Directions -
Exactly as written, please repeat the data that follows, but not the pictures.

(Records for this task)

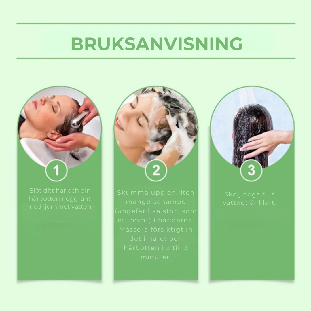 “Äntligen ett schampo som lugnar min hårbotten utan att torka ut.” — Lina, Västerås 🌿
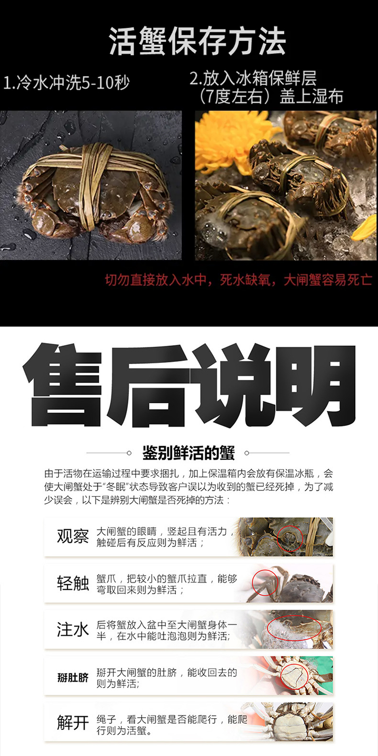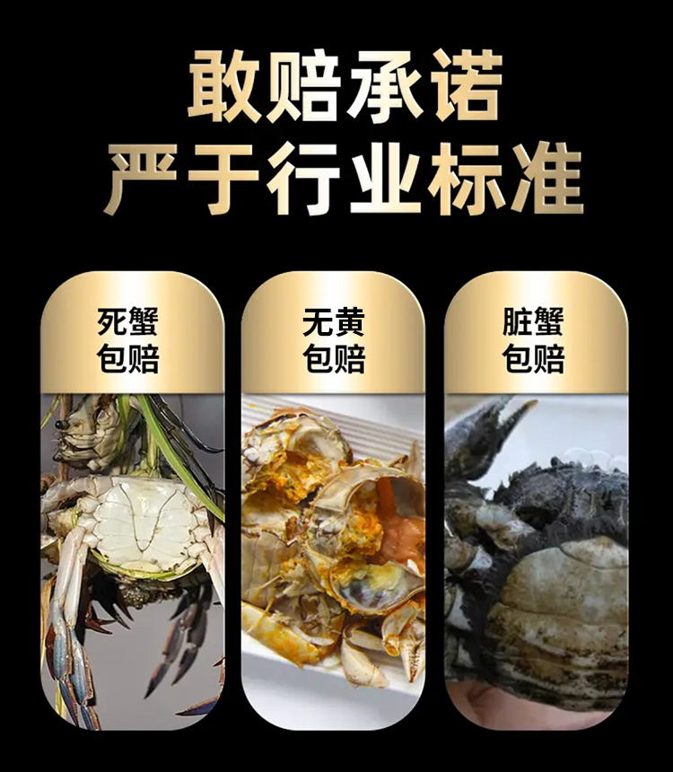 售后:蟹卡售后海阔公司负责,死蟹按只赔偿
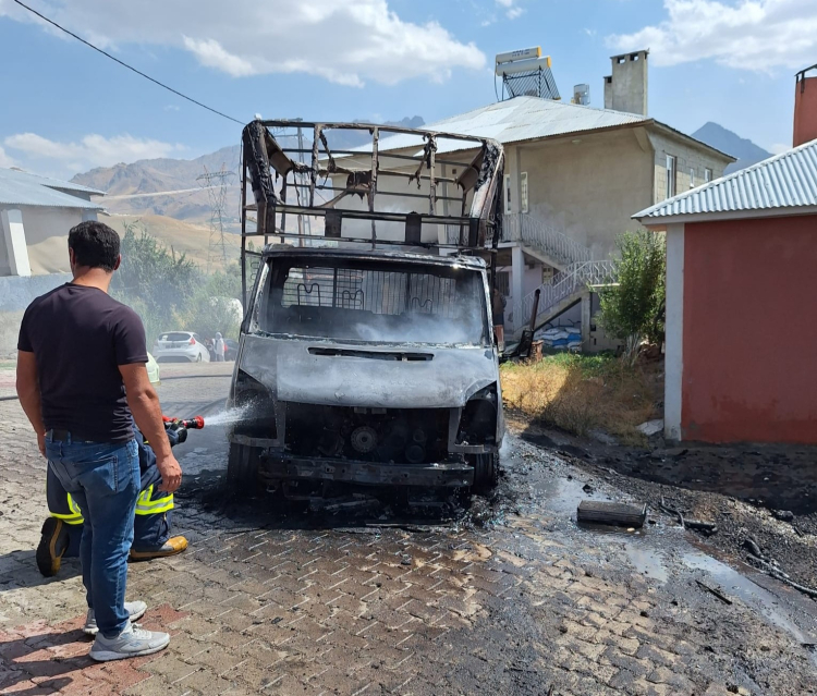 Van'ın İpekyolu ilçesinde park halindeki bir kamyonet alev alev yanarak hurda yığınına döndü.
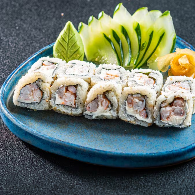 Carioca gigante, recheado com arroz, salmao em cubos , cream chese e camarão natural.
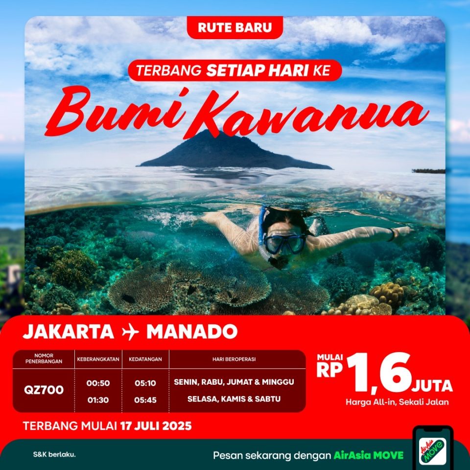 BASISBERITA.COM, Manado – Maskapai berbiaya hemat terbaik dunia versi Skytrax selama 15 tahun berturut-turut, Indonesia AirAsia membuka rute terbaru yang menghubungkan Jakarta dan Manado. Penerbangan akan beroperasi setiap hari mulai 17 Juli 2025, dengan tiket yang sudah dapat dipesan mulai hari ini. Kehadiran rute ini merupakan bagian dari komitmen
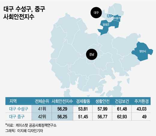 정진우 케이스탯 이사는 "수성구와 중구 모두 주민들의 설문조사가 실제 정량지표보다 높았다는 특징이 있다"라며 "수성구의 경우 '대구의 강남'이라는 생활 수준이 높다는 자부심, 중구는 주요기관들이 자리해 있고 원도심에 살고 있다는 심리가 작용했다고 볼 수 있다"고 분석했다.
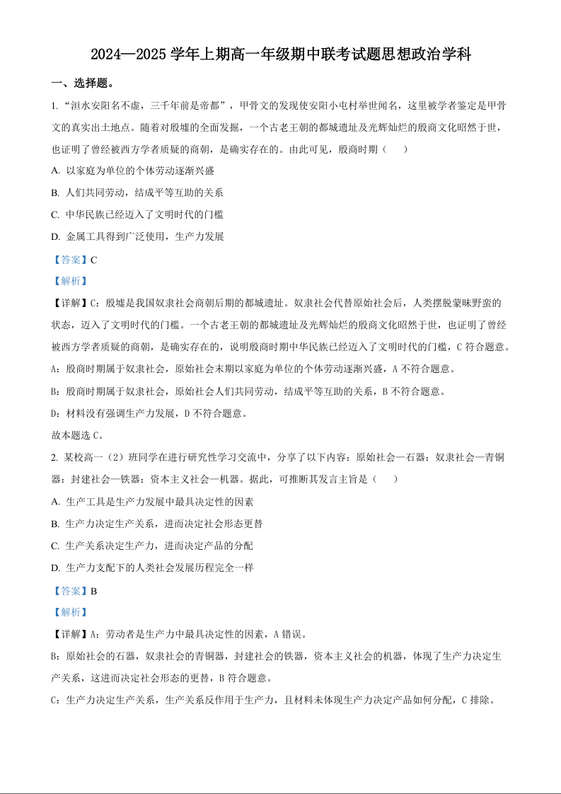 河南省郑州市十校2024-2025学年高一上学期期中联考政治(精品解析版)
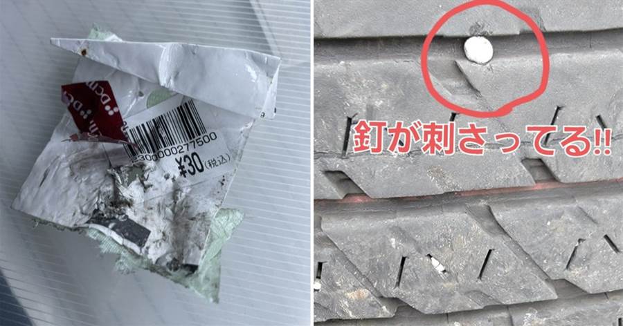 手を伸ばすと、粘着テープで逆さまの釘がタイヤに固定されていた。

(End Records for this task)

Task output -
 “Äntligen ett schampo som lugnar min hårbotten utan att torka ut.” — Lina, Västerås 🌿
 售后:蟹卡售后海阔公司负责,死蟹按只赔偿
 Van'ın İpekyolu ilçesinde park halindeki bir kamyonet alev alev yanarak hurda yığınına döndü.
 Carioca gigante, recheado com arroz, salmao em cubos , cream chese e camarão natural.
 BASISBERITA.COM, Manado – Maskapai berbiaya hemat terbaik dunia versi Skytrax selama 15 tahun berturut-turut, Indonesia AirAsia membuka rute terbaru yang menghubungkan Jakarta dan Manado. Penerbangan akan beroperasi setiap hari mulai 17 Juli 2025, dengan tiket yang sudah dapat dipesan mulai hari ini. Kehadiran rute ini merupakan bagian dari komitmen
 정진우 케이스탯 이사는 "수성구와 중구 모두 주민들의 설문조사가 실제 정량지표보다 높았다는 특징이 있다"라며 "수성구의 경우 '대구의 강남'이라는 생활 수준이 높다는 자부심, 중구는 주요기관들이 자리해 있고 원도심에 살고 있다는 심리가 작용했다고 볼 수 있다"고 분석했다.
 河南省郑州市十校2024-2025学年高一上学期期中联考政治(精品解析版)
 手を伸ばすと、粘着テープで逆さまの釘がタイヤに固定されていた。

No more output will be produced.